-------- Data for processing

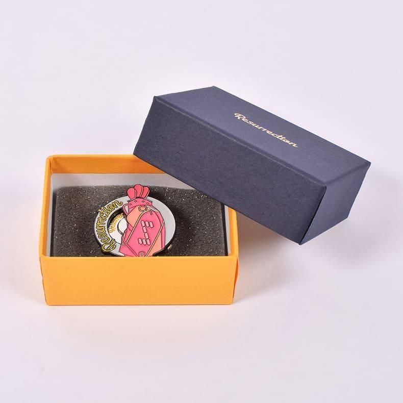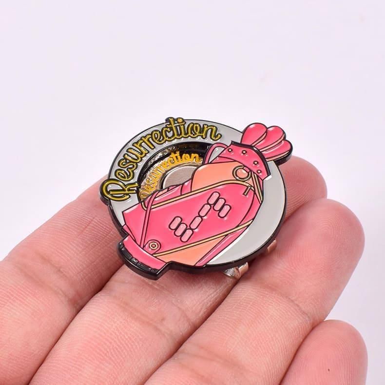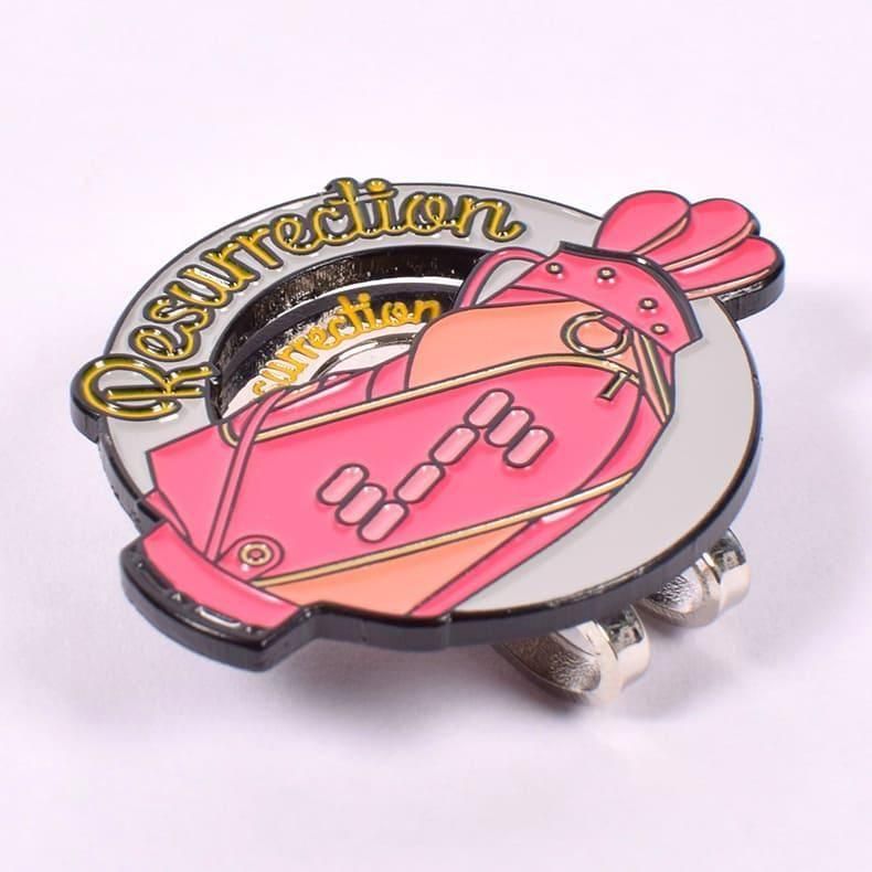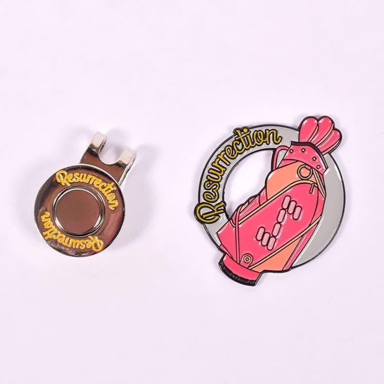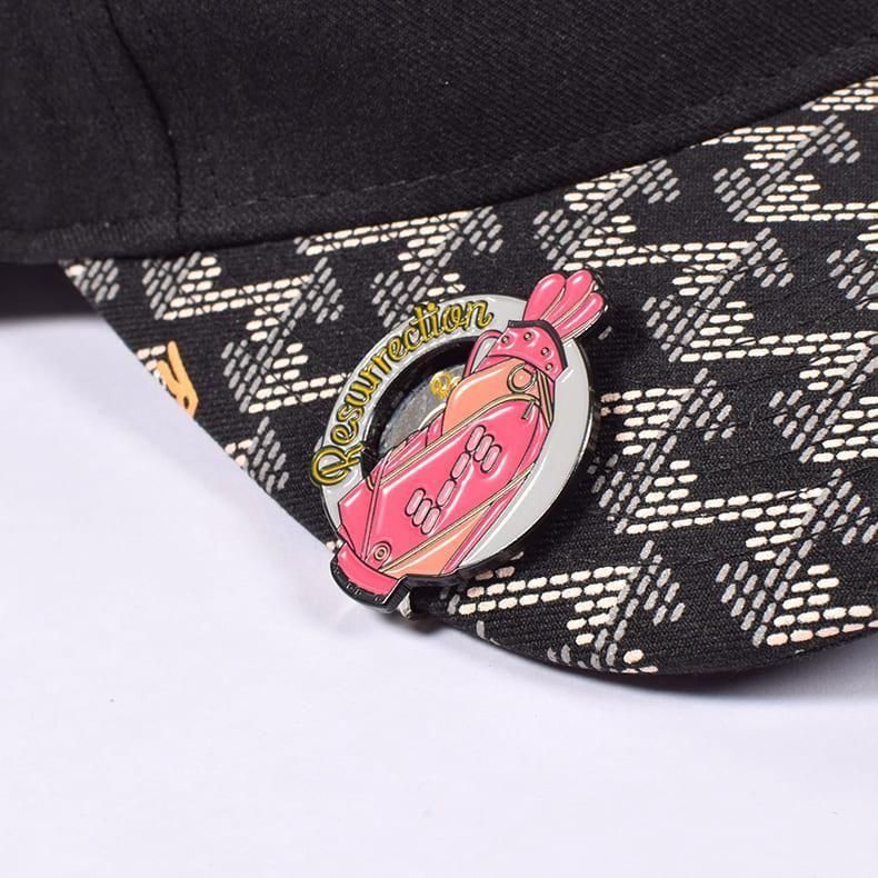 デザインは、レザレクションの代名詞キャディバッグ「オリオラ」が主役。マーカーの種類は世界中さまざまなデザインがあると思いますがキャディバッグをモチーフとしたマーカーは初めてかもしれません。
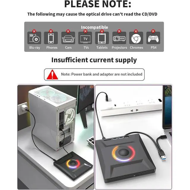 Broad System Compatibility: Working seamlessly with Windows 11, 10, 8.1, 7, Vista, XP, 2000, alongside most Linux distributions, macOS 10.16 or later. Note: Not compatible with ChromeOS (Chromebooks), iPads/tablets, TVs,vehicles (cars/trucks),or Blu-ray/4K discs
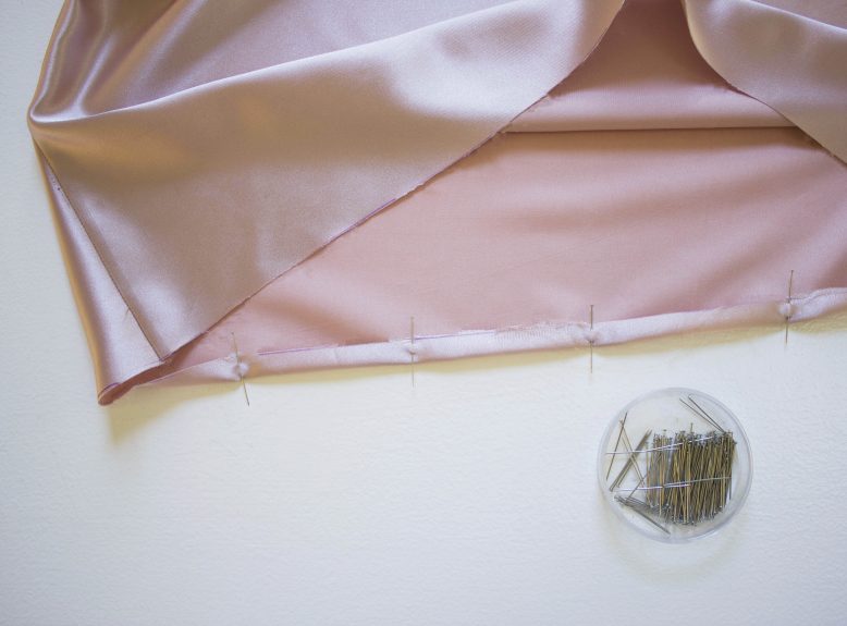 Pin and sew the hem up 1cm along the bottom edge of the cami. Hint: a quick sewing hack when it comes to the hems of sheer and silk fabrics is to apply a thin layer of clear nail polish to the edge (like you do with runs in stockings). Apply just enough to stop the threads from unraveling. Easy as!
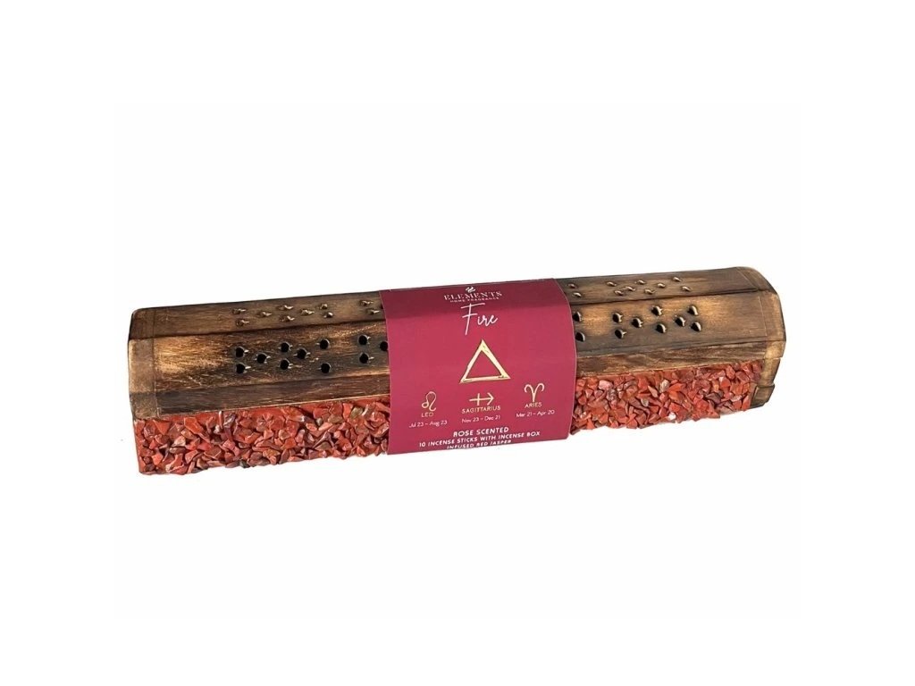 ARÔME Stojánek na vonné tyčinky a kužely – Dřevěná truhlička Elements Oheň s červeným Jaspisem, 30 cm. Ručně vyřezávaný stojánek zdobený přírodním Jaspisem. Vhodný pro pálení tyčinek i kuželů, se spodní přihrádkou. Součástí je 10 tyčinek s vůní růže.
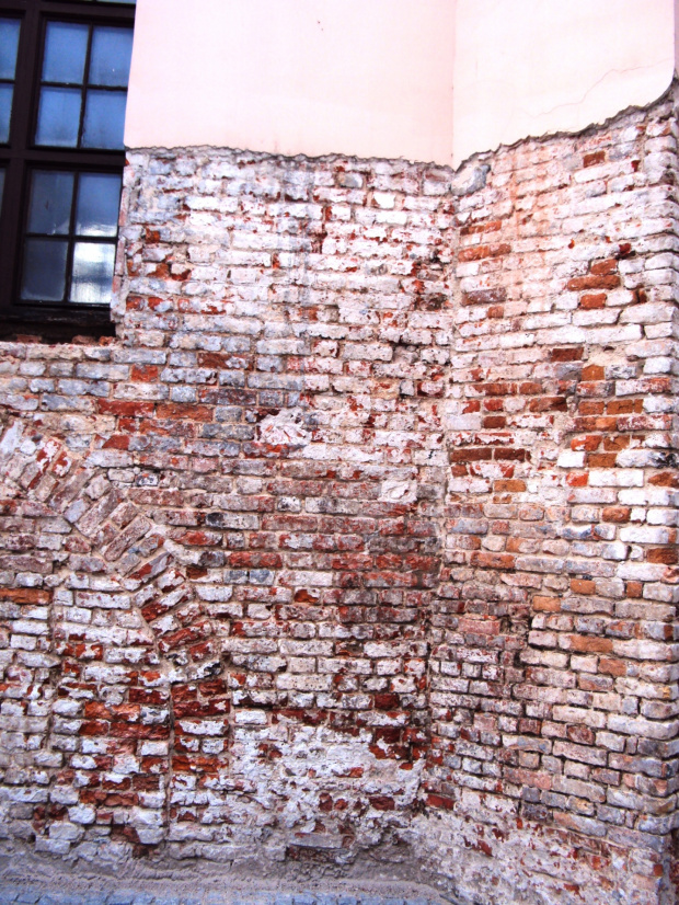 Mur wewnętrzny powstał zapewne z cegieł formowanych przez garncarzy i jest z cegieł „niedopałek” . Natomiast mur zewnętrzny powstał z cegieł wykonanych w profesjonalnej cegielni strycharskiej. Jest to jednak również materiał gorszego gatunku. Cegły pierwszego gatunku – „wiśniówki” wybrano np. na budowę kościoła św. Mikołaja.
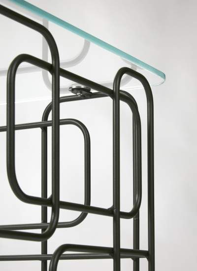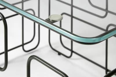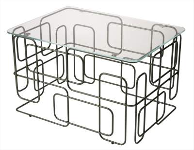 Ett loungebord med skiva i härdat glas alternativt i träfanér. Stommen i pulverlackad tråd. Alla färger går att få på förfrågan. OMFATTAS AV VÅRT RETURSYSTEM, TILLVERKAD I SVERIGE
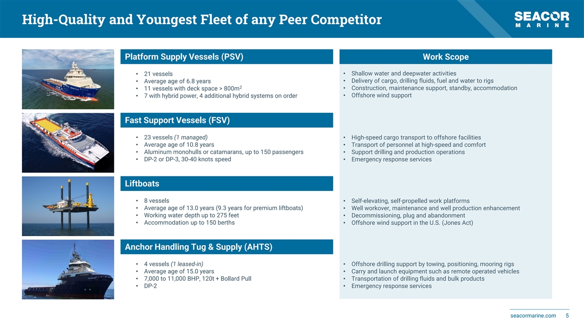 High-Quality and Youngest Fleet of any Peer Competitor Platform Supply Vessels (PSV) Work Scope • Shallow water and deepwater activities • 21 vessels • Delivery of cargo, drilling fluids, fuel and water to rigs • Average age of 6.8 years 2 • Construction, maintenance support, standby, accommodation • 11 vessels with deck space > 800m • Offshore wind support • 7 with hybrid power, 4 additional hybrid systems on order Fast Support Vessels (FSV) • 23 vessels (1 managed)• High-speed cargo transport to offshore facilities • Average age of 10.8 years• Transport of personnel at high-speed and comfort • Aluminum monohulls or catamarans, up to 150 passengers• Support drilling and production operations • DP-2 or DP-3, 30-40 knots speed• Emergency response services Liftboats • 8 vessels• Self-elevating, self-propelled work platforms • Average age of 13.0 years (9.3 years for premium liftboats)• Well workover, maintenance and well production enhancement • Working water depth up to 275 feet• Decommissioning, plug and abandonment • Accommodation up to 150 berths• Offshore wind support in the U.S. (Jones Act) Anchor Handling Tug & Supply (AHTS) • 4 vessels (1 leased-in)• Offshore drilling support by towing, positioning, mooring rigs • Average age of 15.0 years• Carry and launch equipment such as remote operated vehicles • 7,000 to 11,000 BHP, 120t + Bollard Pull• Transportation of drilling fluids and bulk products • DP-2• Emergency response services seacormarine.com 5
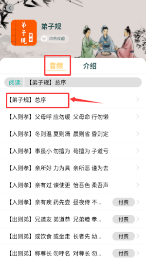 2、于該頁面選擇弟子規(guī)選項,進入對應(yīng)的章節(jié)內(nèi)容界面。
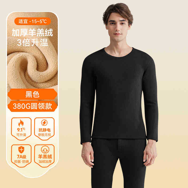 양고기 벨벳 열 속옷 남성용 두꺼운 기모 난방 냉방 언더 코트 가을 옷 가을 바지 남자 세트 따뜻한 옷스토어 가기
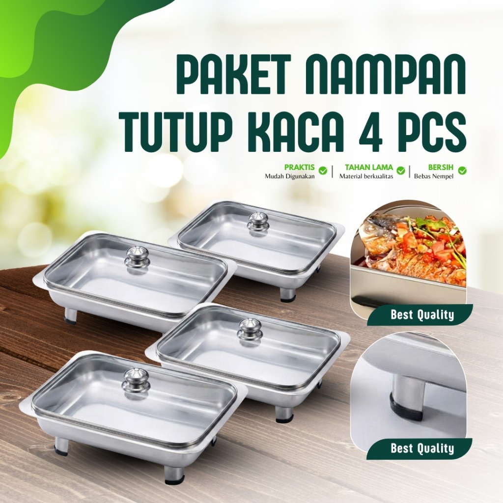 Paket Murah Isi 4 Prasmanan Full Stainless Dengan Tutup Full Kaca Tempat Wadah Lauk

----------------

* Exercise description
Could you repeat, exactly and with nothing else, the lines from the first line of the records through the line containing "Broad System Compatibility: Working"? Leave out the pictures.

* Solution to this task
 デザインは、レザレクションの代名詞キャディバッグ「オリオラ」が主役。マーカーの種類は世界中さまざまなデザインがあると思いますがキャディバッグをモチーフとしたマーカーは初めてかもしれません。
 Broad System Compatibility: Working seamlessly with Windows 11, 10, 8.1, 7, Vista, XP, 2000, alongside most Linux distributions, macOS 10.16 or later. Note: Not compatible with ChromeOS (Chromebooks), iPads/tablets, TVs,vehicles (cars/trucks),or Blu-ray/4K discs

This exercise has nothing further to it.